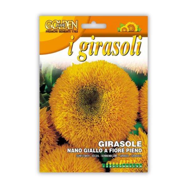 Nizka sončnica z rumenim polnim cvetom (Girasole Nano Giallo a Fiore Pieno) je enoletna rastlina z obilo listja in številnimi kompaktnimi cvetovi. Primerna je za zasaditev v cvetlične grede ali vzgojo v lončkih. Doseže višino do 60 cm. Pakiranje: 4g.
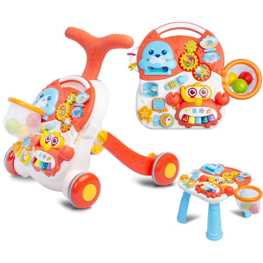 • 2 w 1 – pchacz i stoliczek do zabawy
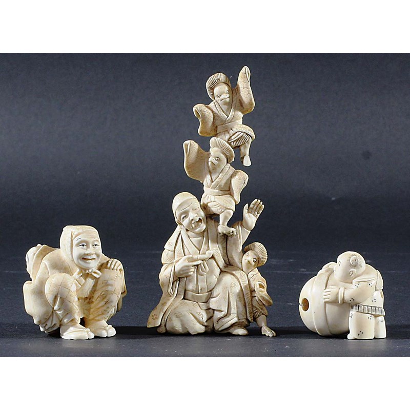 carved as a man squatting, a bag of masks on his back, signed, height 5cm; together with another of a boy resting on a giant bell, signed; and an okimono of a man balancing three birds in outfits on his shoulder, height 12cm (3)
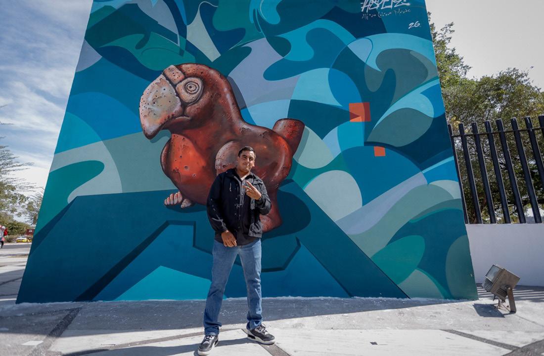 El estudiante -conocido como Asper- dijo sentirse muy orgulloso de sus raíces. “Quise pintar este símbolo, que también es la imagen de nuestra Alma Mater: el loro. Quise plasmarla aquí para que fuera la entrada, al lado de los colosos que tenemos al fondo, los volcanes”.
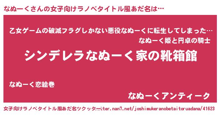 | 意味不明あだ名 | 『住所不定無職なぬーく(93歳)』 |
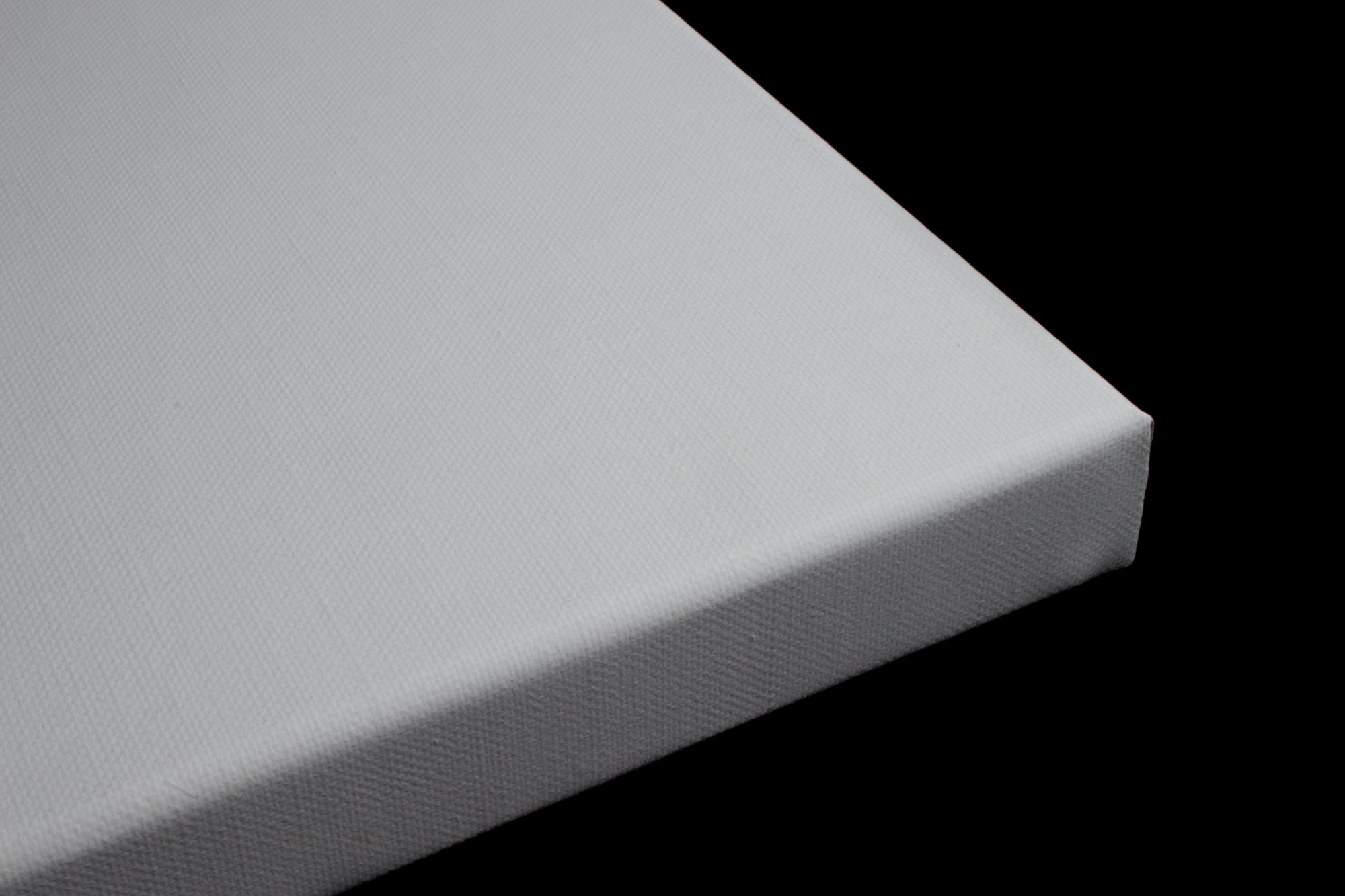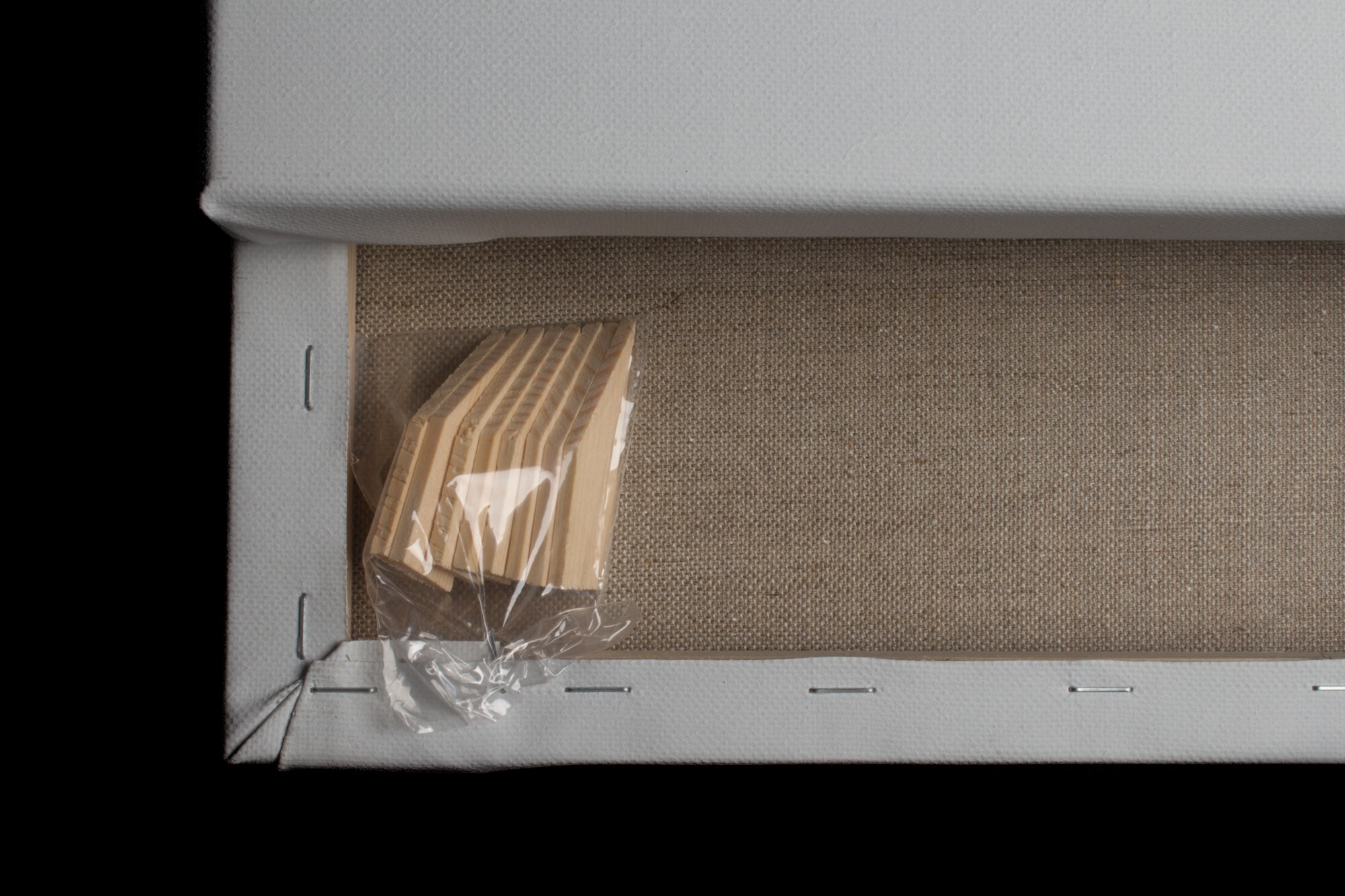 Der bespannte Keilrahmen hat ein Spezial-Profil (3.3 cm tief x 2.2 cm breit). Er besteht aus getrocknetem, nicht ganz abgeharztem Kiefernholz, das für die bleibende, gerade Form der Rahmen sorgt. Der verwendete Stoff ist ein hochwertiges Baumwollgewebe von 330g/m², grundiert mit Gesso (Universalgrundierung ) . Dank einer Färbung hat die Baumwolle auf der Rückseite eine Leinenoptik. Alle Leinwände sind hinten getackert und einzeln in Folie verpackt. Jeder Leinwand liegt ein Set Keile bei. Unsere Produktion findet teilweise in unserer Werkstatt in Berlin, aber auch in unserem Werk in Polen, statt.

* * * * *

What the exercise asks
Each line above should be set down exactly as written, with pictures excluded.

Solution for this exercise
 Nizka sončnica z rumenim polnim cvetom (Girasole Nano Giallo a Fiore Pieno) je enoletna rastlina z obilo listja in številnimi kompaktnimi cvetovi. Primerna je za zasaditev v cvetlične grede ali vzgojo v lončkih. Doseže višino do 60 cm. Pakiranje: 4g.
 • 2 w 1 – pchacz i stoliczek do zabawy
 carved as a man squatting, a bag of masks on his back, signed, height 5cm; together with another of a boy resting on a giant bell, signed; and an okimono of a man balancing three birds in outfits on his shoulder, height 12cm (3)
 El estudiante -conocido como Asper- dijo sentirse muy orgulloso de sus raíces. “Quise pintar este símbolo, que también es la imagen de nuestra Alma Mater: el loro. Quise plasmarla aquí para que fuera la entrada, al lado de los colosos que tenemos al fondo, los volcanes”.
 | 意味不明あだ名 | 『住所不定無職なぬーく(93歳)』 |
 Der bespannte Keilrahmen hat ein Spezial-Profil (3.3 cm tief x 2.2 cm breit). Er besteht aus getrocknetem, nicht ganz abgeharztem Kiefernholz, das für die bleibende, gerade Form der Rahmen sorgt. Der verwendete Stoff ist ein hochwertiges Baumwollgewebe von 330g/m², grundiert mit Gesso (Universalgrundierung ) . Dank einer Färbung hat die Baumwolle auf der Rückseite eine Leinenoptik. Alle Leinwände sind hinten getackert und einzeln in Folie verpackt. Jeder Leinwand liegt ein Set Keile bei. Unsere Produktion findet teilweise in unserer Werkstatt in Berlin, aber auch in unserem Werk in Polen, statt.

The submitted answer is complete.